To run the demo, just type "demo4" or "demo4 filename" where 'filename' is the
name of a .plg file, a .fig file, or a .wld file you want to have loaded.
The demo4.exe program is designed to illustrate some of the capabilities of
REND386, a polygon rendering library for 386 and 486 systems with VGA
displays.
The libraries are available for free; the only reason for making the demo
a separate set of files is to give people who aren't interested in writing
software a chance to see just what can be done on widely-available hardware.
The system is fast. How fast, you ask? Well, speed is not a straightforward
thing to measure. There is a relationship between the speed of the processor,
the complexity of the scene, and the number of frames per second.

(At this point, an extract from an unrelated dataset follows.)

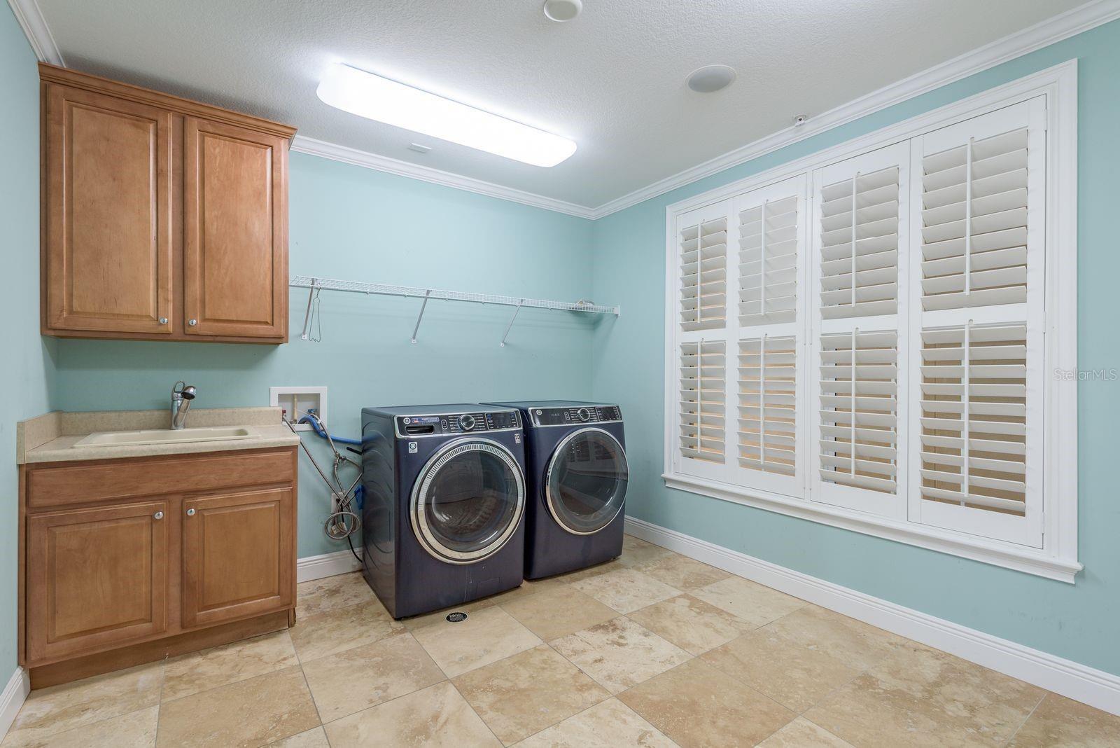 - Ceiling Fans(s), Central Vaccum, Crown Molding, High Ceilings, Open Floorplan, Primary Bedroom Main Floor, Solid Wood Cabinets, Stone Counters, Tray Ceiling(s), Walk-In Closet(s), Window Treatments

With this software, a 512-polygon scene can be rendered at speeds up to
15 frames/second on a 486/25; this corresponds to a speed of over 7000
polys/second. If you have a 486/33, it'll go slightly faster; if you have
a 386/33, it'll go slightly slower. You get the idea. If you want more
frames/second, use a simpler scene (i.e. fewer polygons).

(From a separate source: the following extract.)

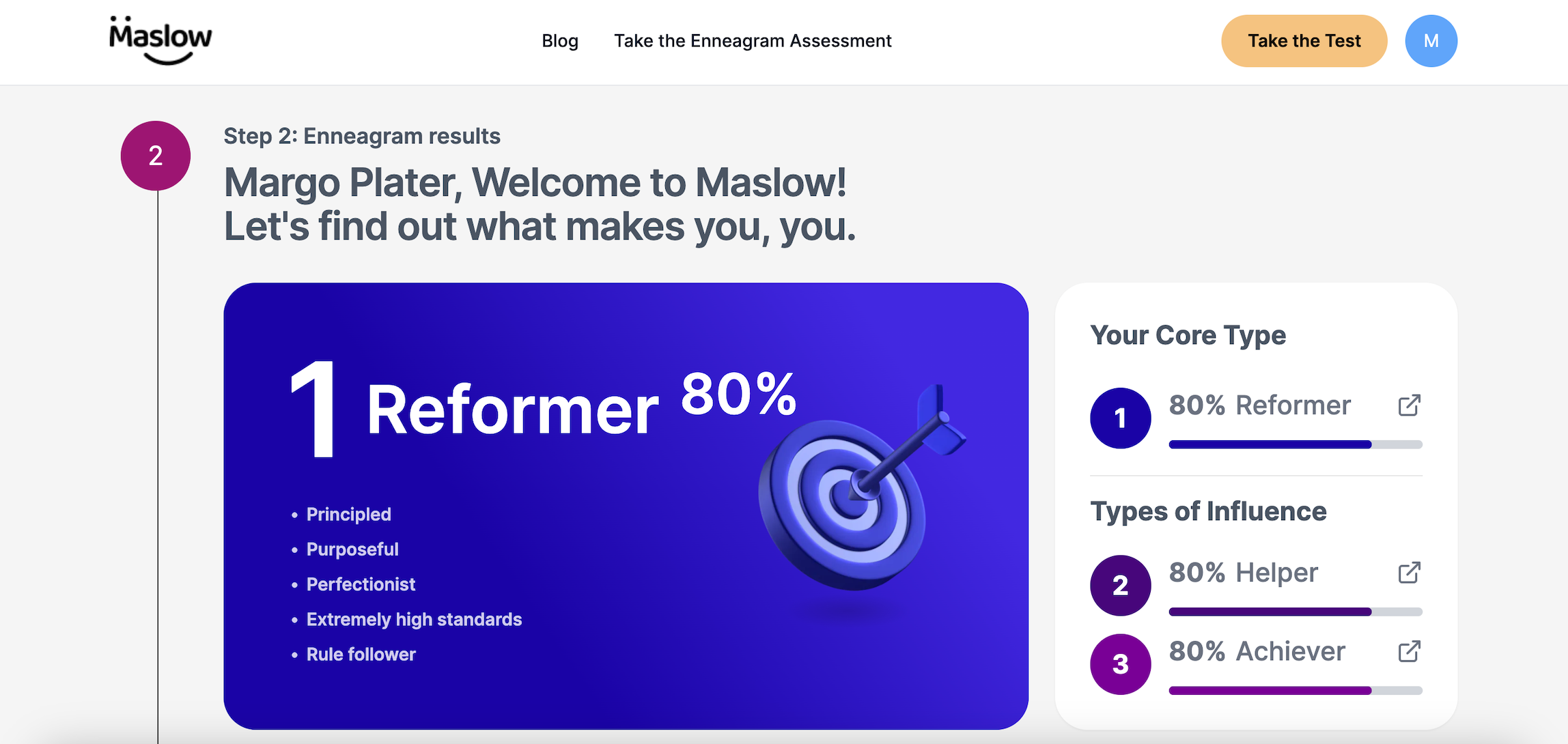 Once you know your type, it’s time to apply that understanding. Your understanding will begin in the comprehensive results section of your test. Use it as a roadmap to become the best version of yourself—not just for your own well-being but so you can bring more love, presence, and understanding to your relationships. Maslow offers many articles in order to help you understand the results of your Enneagram test, these can be found under the blog tab.

To use this demo, you MUST have a 386 or 486; it will not run at all on
a 286 or below. You must also have a standard VGA display.
This version now support stereoscopic viewing; the assumption is that you
have the Sega 3D glasses and the interface described in sega.txt installed.

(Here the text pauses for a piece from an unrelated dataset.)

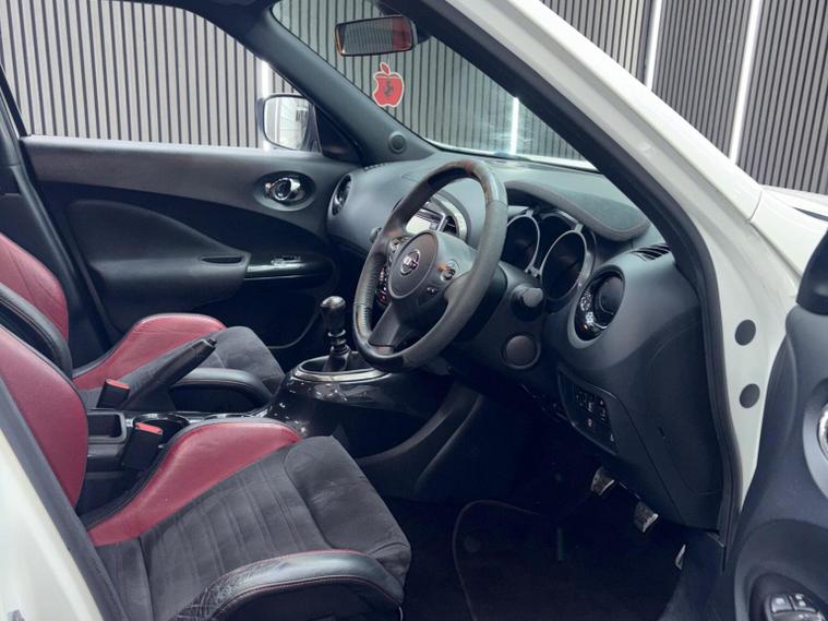 This 2016 Nissan Juke DIG-T Nismo RS boasts a clear vehicle history check, offering you peace of mind. This striking model features a powerful 1.6 litre petrol engine, meeting Euro 6 emissions standards. Inside, youll find luxurious Alcantara and leather Recaro seats in black with distinctive red bolsters and NISMO embroidered logos, complemented by heated front seats for added comfort. The Tech Pack enhances your driving experience with Xenon headlights, a 360 degree camera for effortless parking assistance, and Blind Spot Assistance. Stay connected on the go with seamless Bluetooth integration for your telephone. The NISMO RS trim level signifies a performance oriented design, and this Juke is no exception, achieving an impressive 0 to 62 miles per hour in just 7.0 seconds. These highlights, including its rapid acceleration and advanced technology, demonstrate how this Nissan Juke stands out from other vehicles in its class. Furthermore, its low insurance group rating makes it an economical choice for many drivers. This vehicle also comes with a Nissan Care Warranty, ensuring continued support.

The Nintendo Powerglove is also supported: see the July 1990 Byte page 288
for a schematic showing how to wire up an adapter. Version 4 of the demo
uses the glove to manipulate objects as well.
When the demo starts up, it looks for a REND386.cfg file; if one is found,
it is loaded the same way a world file is. We recommend keeping all your
hardware configuration information in this file; that way you won't have
to specify an extra file on the command line each time.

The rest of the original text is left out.